Today's post is a guest post from Nico Weber, who did so much good work on Chrome in his 20% time I didn't realize he wasn't fulltime on the project until it was announced that he joined.
Browsers are racing to add "Hardware accelerated rendering" to their feature checklists. As usual, this means different things in different browsers. In Chrome, the near-term plan is to accelerate CSS 3d transforms and WebGL.
Chrome's renderer process is sandboxed, so it can't access the graphics card directly. To remedy this, a new process is introduced: The GPU process. The GPU process talks to the GPU and keeps all GPU-related state (modelview matrix, textures, what have you).
CSS 3d Transforms
When a page uses CSS 3d transforms, the renderer renders the contents of the layer with the to-be-transformed content as usual into memory and then sends it to the GPU process (via shared memory), which keeps it in a texture. The GPU process then composites all the layer textures, using the current transform of every layer, and writes the result into an IOSurface the size of the tab contents (an IOSurface is a OS X primitive that represents a piece of GPU memory that can be shared across processes). Since the textures and the surface are all in GPU memory, this is a GPU->GPU copy, so this is fast. The GPU process then notifies the browser process, which takes the same IOSurface and renders it to the screen.
When e.g. the rotation angle of a layer is changed, the renderer only needs to send the updated angle to the GPU process, and recompositing can happen completely on the graphics card.
For historical reasons, plugins using the CoreAnimation drawing model also send their contents to the browser in an IOSurface. For correct compositing, plugins would need to send them to the GPU process, which would then composite them with the other layers. The browser shouldn't need to do anything to draw such plugins. That's not implemented yet, and until then css transforms on plugins won't work.
Longer term, the GPU process will also do hardware accelerate decoding of movie frames, as far as I understand. The movie container parsing will stay in the renderer, this wants to be sandboxed. The flow will be: raw data from the network arrives in browser -> sent to renderer -> splits it into raw video frames sent to gpu process -> gpu process does hardware accelerated decoding into a texture -> gpu composites that texture with its other textures into the IOSurface -> browser draws IOSurface. This might be somewhat inaccurate, I'm not too familiar with how video works.

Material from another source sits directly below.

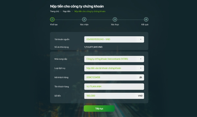 Tại màn hình khởi tạo -> nhập đúng và đủ thông tin cho các trường -> nhấn Tiếp tục
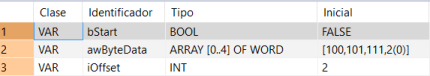 awByteData: ARRAY [0..4] OF WORD:=[100,101,111,2(0)];

A WebGL texture upload looks similar: The encoded image arrives over the network in the browser -> sent to renderer for decompression -> uncompressed data sent to GPU process -> GPU process uploads image data into a texture. Since textures are usually uploaded only once and after that referenced by ID, that's not quite as terrible as it sounds.
When the renderer wants to execute a WebGL command, say
glUniform4f(), it just calls that function. Through a shim
library, the function call is serialized into something called a
command buffer, which is then sent to the GPU process and executed.
Aside: Comparison with Safari
Safari currently does not have a separate sandboxed renderer process: HTML rendering and UI live in the same process, and this process can access the GPU directly. This means that Safari can upload the rendered HTML directly into a CALayer (roughly the same as an OpenGL texture) and let CoreAnimation composite all layers directly onto the screen. This saves a gpu->gpu copy.
For WebGL, Safari can call out to OpenGL directly, without having to ship all GL commands to another process.